Mr Thompson appealed, claiming that the District Judge had failed to apply the principles in Stack v Dowden [2007] UKHL 17 and Jones v Kernott [2011] UKSC 53, and that he should have been acknowledged to be entitled to a 50 per cent beneficial interest.

Giving the leading judgment in the Court of Appeal, Lord Justice Etherton dismissed the argument put forward on behalf of Mr Thompson that this should have been treated as a joint legal owner case, as the property would have been purchased in joint names if Mr Thompson had been able to get a mortgage. The District Judge had proceeded correctly and in accordance with the principles in Stack and Jones applicable to sole legal owner cases, and her determination of the parties' respective shares had been carried out "in a careful and exemplary fashion". Accordingly, the appeal was dismissed.

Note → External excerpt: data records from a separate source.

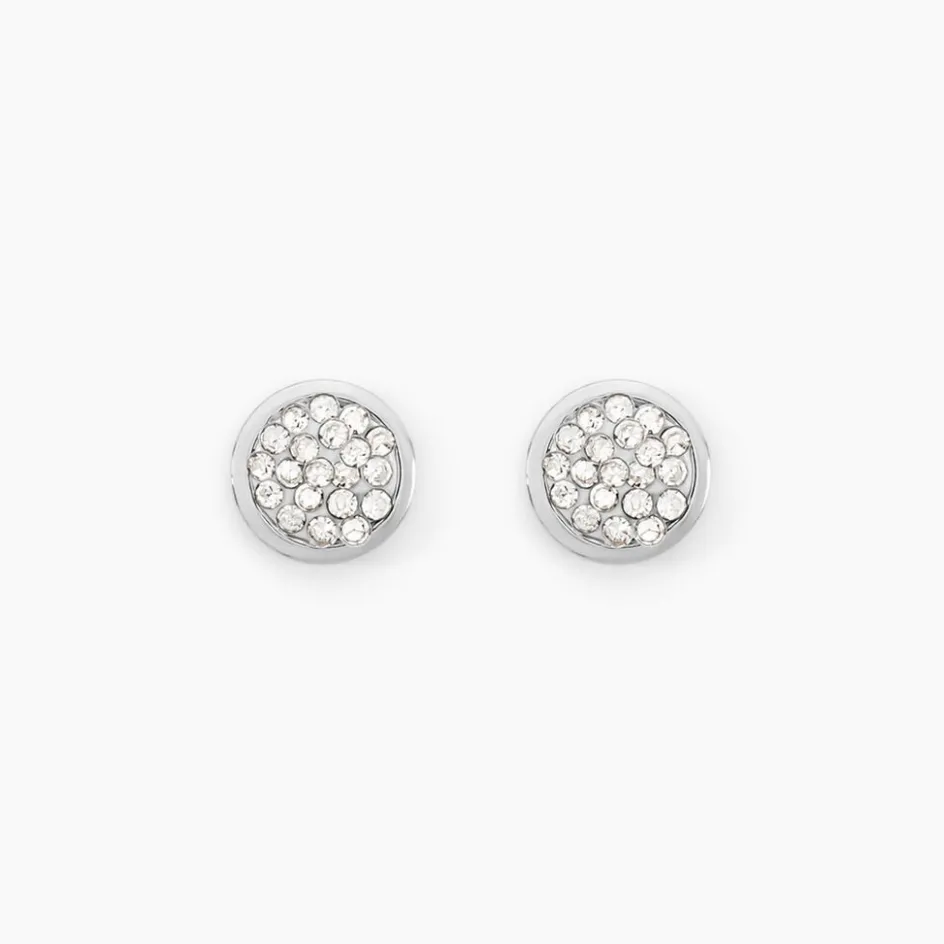Boucles D’oreilles Puces Or Blanc 375/1000 Cercles Strass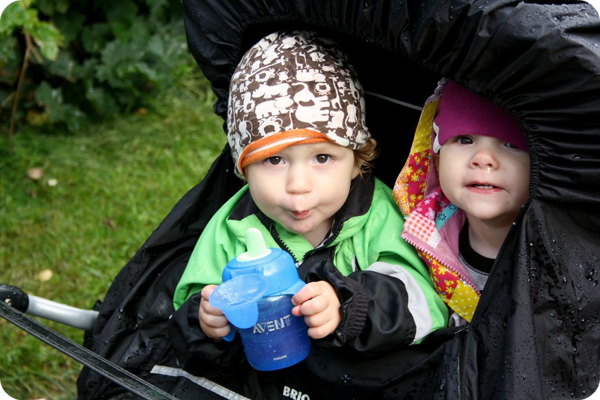 Vi överraskades av en av skurarna, när vi var ute och lekte. Först tänkte vi stanna och vänta ut de andra mammorna som gick undan regnet. Lite regn, liksom. Men herkas, det vräkte ner och ungarna började gråta, så vi fick dra hemåt bums!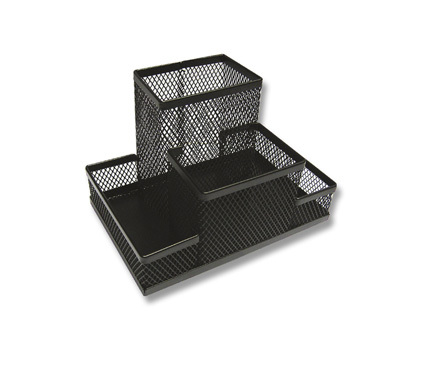 Univerzální kancelářský stojánek pro uložení psacích potřeb, nůžek, sponek a jiných potřeb, který svým provedením doplňuje kancelářskou řadu kovových stojánků dle naší nabídky. Vhodný do kanceláří jako elegantní doplněk na stůl.Barva: černáRozměr: 160 x 80 x 105mm číst celé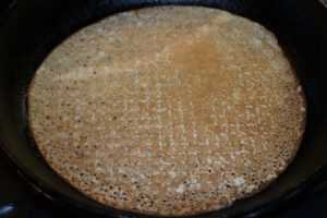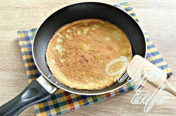 Массу требуется отставить на 5 минут, а затем влить в нее масло. Промасленная сковородка прогревается на быстром огне. На середину жарящей поверхности выливается немного подготовленного теста, которое немедля распределяется по всей сковороде. Во время обжаривания все пузыри должны лопнуть, а блины приобрести румяный вид. В основном на выпекание 1 блина с первой стороны затрачивается 60 секунд, а со второй – 30.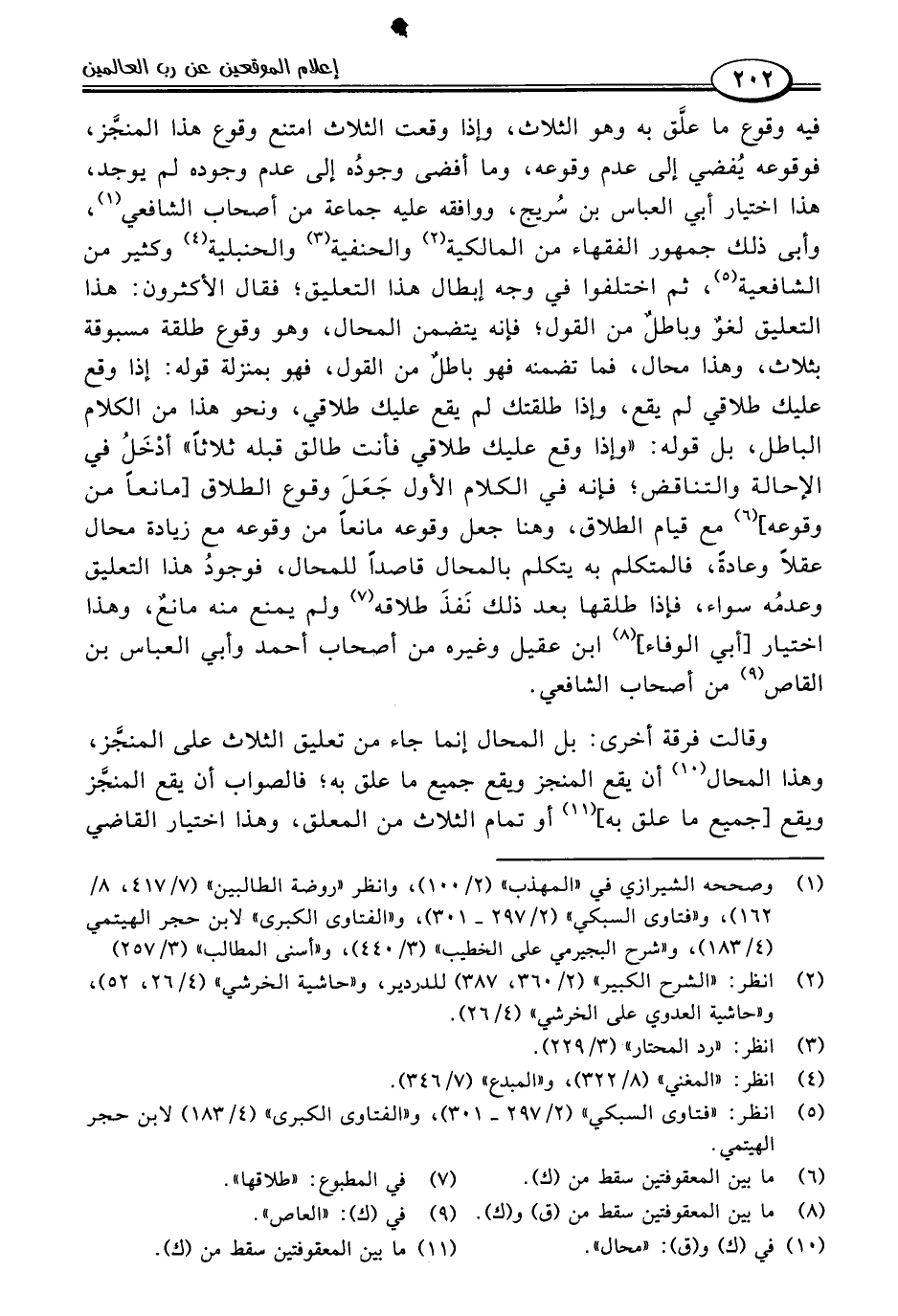 فيه وقوع ما علَّق به وهو الثلاث، وإذا وقعت الثلاث امتنع وقوع هذا المنجَّز، فوقوعه يُفضي إلى عدم وقوعه، وما أفضى وجودُه إلى عدم وجوده لم يوجد، هذا اختيار أبي العباس بن سُريج، ووافقه عليه جماعة من أصحاب الشافعي (١)، وأبى ذلك جمهور الفقهاء من المالكية (٢) والحنفية (٣) والحنبلية (٤) وكثير من الشافعية (٥)، ثم اختلفوا في وجه إبطال هذا التعليق؛ فقال الأكثرون: هذا التعليق لغوٌ وباطلٌ من القول؛ فإنه يتضمن المحال، وهو وقوع طلقة مسبوقة بثلاث، وهذا محال، فما تضمنه فهو باطلٌ من القول، فهو بمنزلة قوله: إذا وقع عليك طلاقي لم يقع، وإذا طلقتك لم يقع عليك طلاقي، ونحو هذا من الكلام الباطل، بل قوله: "وإذا وقع عليك طلاقي فأنت طالق قبله ثلاثًا" أدْخَلُ في الإحالة والتناقض؛ فإنه في الكلام الأول جَعَلَ وقوع الطلاق [مانعًا من وقوعه] (٦) مع قيام الطلاق، وهنا جعل وقوعه مانعًا من وقوعه مع زيادة محال عقلًا وعادةً، فالمتكلم به يتكلم بالمحال قاصدًا للمحال، فوجودُ هذا التعليق وعدمُه سواء، فإذا طلقها بعد ذلك نَفذَ طلاقه (٧) ولم يمنع منه مانعٌ، وهذا اختيار [أبي الوفاء] (٨) ابن عقيل وغيره من أصحاب أحمد وأبي العباس بن القاص (٩) من أصحاب الشافعي.

Giving a consenting judgment, Lord justice Lewison pointed out:
"The principles have been authoritatively laid down by the House of Lords in Stack v Dowden and the Supreme Court in Jones v Kernott but it is illuminating to see how those principles are applied. In Stack v Dowden at paragraph 92, Baroness Hale said this:
"This is therefore a very unusual case. There cannot be many unmarried couples who have lived together for as long as this, who have four children, and whose affairs have been kept as rigidly separate as this couple's affairs were kept. This is all strongly indicative that they did not intend their shares, even in the property which was put into both their names, to be equal, still less that they intended a beneficial joint tenancy with a right of survivorship should one of them die before it was severed."
Apart from the number of children, that paragraph could be applied to this case word for word."
Lord Justice Thorpe also gave a consenting judgment.

2 comments:

  1. I'm struggling to understand how he got anything. If his only contribution was to housekeeping expenses, where was the detrimental reliance for a constructive trust?
    I suppose I need to read the whole judgment but I thought Stack simply affirmed the "Equity follows the law" principle.

    ReplyDelete
    Replies
    1. Yes, see paragraphs 8 - 15 of the judgment.